Моя приверженность расследованию и защите моего источника, вероятно, была тем, что в первую очередь привлекло внимание комитета ко мне.
— Я думаю, то, что вы сделали, потребовало мужества. — Брайс махнула запястьем в сторону Генри. — Вы смогли прикрыть международного торговца оружием, когда местная полиция и ФБР не смогли этого сделать. Я рада, что комитет по присуждению наград выбрал вас, потому что вы этого заслуживаете. И лично я не думаю, что то, что вы сделали, было аморальным или неэтичным. Я думаю, это было мужественно.
Бо сказал, по сути, то же самое. Знал ли он, что я получила награду?

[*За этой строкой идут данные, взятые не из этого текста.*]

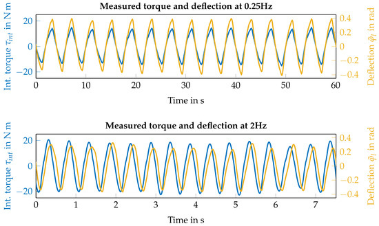 Periodic interaction examples with setting A: , . The periodic interaction signals are obtained by deflecting the position of the lever following a visual and auditory metronome. The plots show 15 cycles of measured torque and deflection measurements.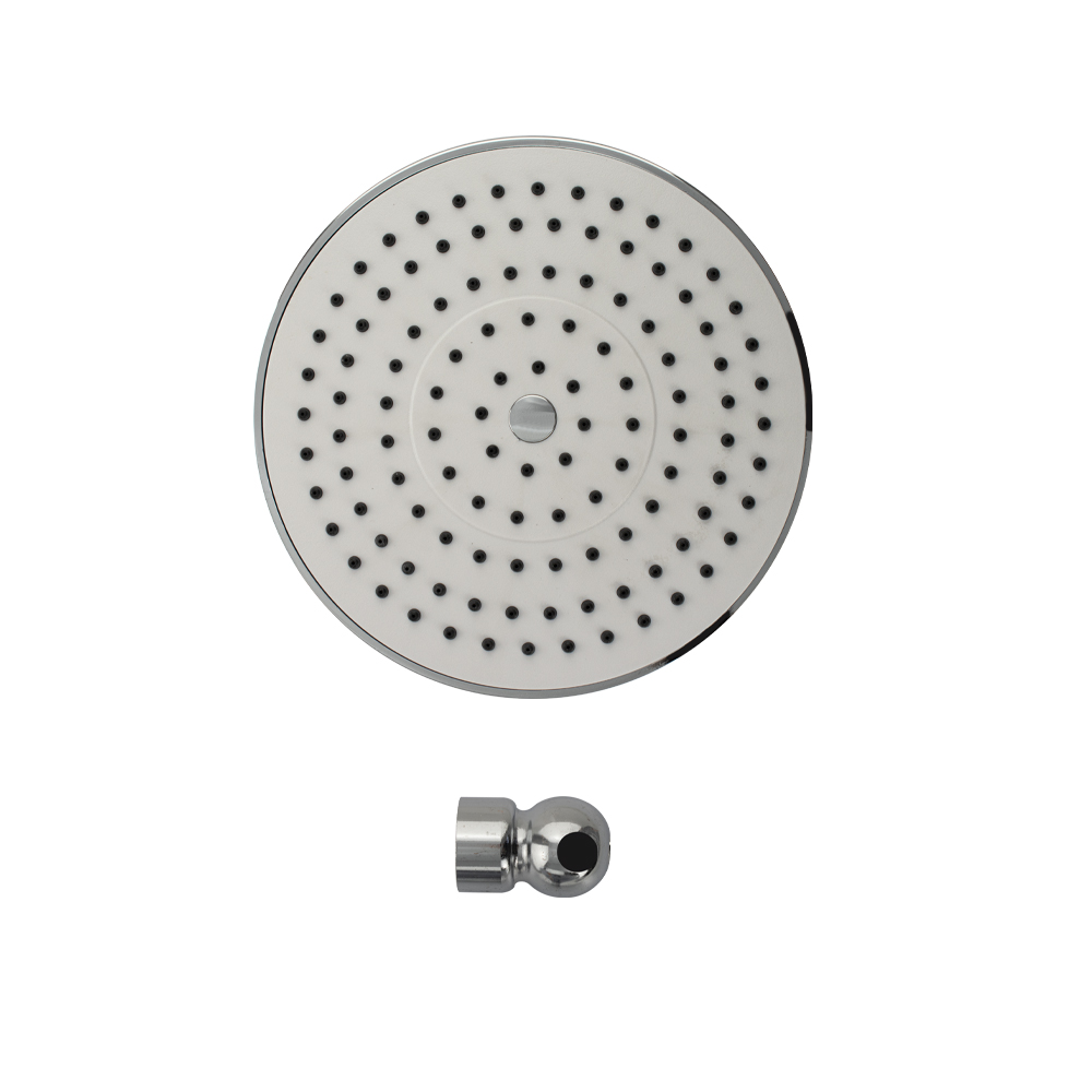 Душевая лейка тропический душ круглая, отличается современным технологичным дизайном, высокой надежностью, долговечностью. Она изготовлена из влагостойкого пластика АБС и имеет декоративную вставку белого цвета с хромированным корпусом, придающее устройству привлекательный вид и предохраняющее от агрессивного воздействия окружающей среды. Корпус отличается небольшим весом, что исключает повреждение напольной плитки или эмали ванны при случайном падении. Лейка крепится к штанге при помощи шарнирного соединителя, внутрь которого встроен сетчатый аэратор для равномерного распределения воды. Также шарнирный соединитель позволяет менять угол наклона душевой насадки от 0° до 22°. Конструкция душа создает эффект тропического ливня, делая водные процедуры приятными и комфортными. Ухаживать за душевой лейкой легко.Поверхность достаточно протереть мягкой салфеткой, она в течение долгого времени не потеряет своего блеска. Система помогает мгновенно очистить силиконовые форсунки душевой лейки от известкового налета и заг

Если так, мне нравилось думать, что он бы гордился мной.
— Я ценю это, — улыбнулась я, когда официант принес нам вино. — В любом случае, раз уж мы весь день говорили обо мне, расскажите мне о себе. Вы из Сиэтла?
Она сделала глоток, затем покачала головой.
— Нет, я выросла в Монтане, потом переехала сюда после колледжа, чтобы устроиться на работу на телестанцию.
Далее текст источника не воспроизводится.